## Raw data
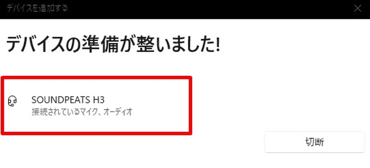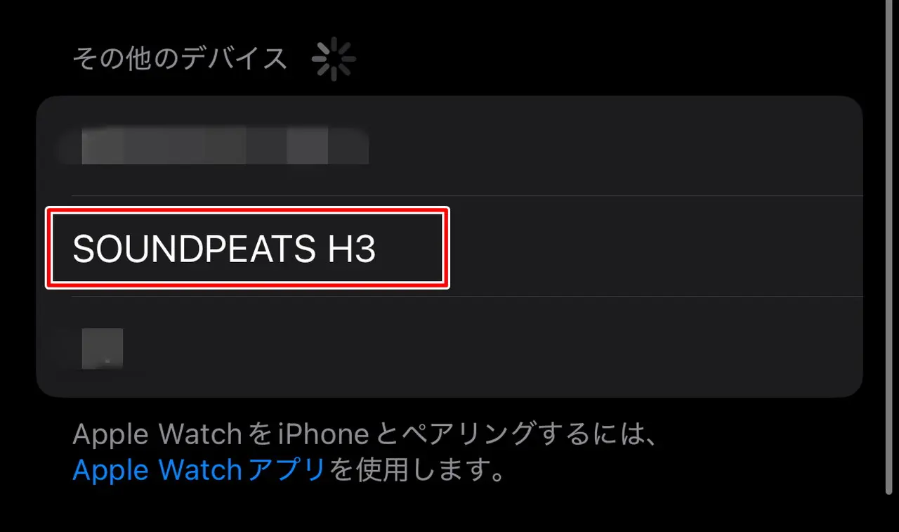 するとデバイス側で "SOUNDPEATS H3" が表示されるので、選択することで接続(ペアリング)が完了します。
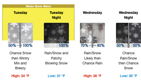 • The Twin Cities has a chance of light icing tomorrow, then a mix of mostly rain or freezing rain Tuesday evening.
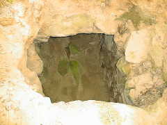 清水谷古墳 左側基底部に箱式棺と 見られる石組みがあり 南側に羨道がある |
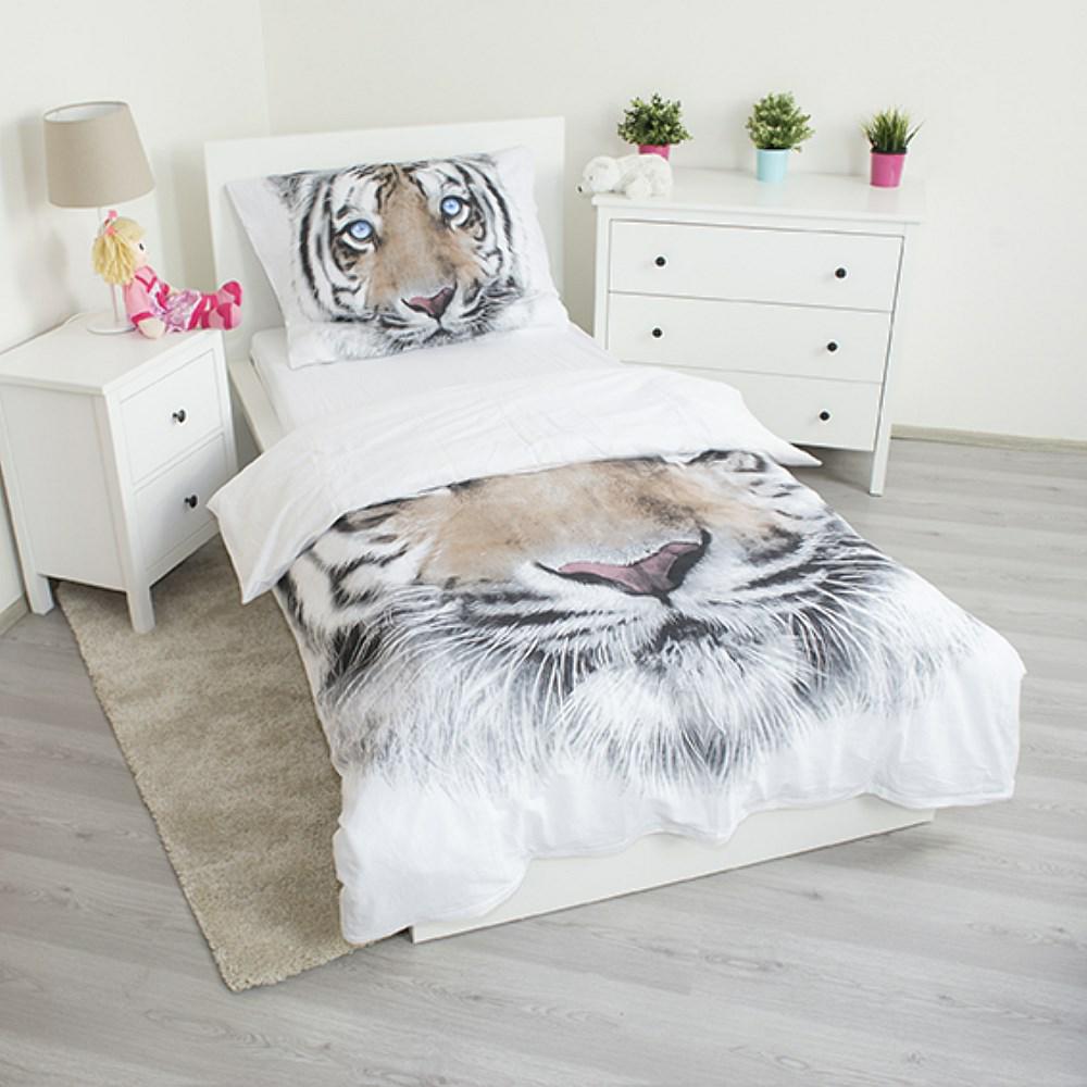 Pościel bawełniana 140x200 Tygrys Biały

## Assignment
Could you give again precisely the lines from the one containing "清水谷古墳 左側基底部に箱式棺と 見られる石組みがあり 南側に羨道がある |" through the final line of the material above, both included, and no others, dropping the pictures?

## Solution to the problem
 清水谷古墳 左側基底部に箱式棺と 見られる石組みがあり 南側に羨道がある |
 Pościel bawełniana 140x200 Tygrys Biały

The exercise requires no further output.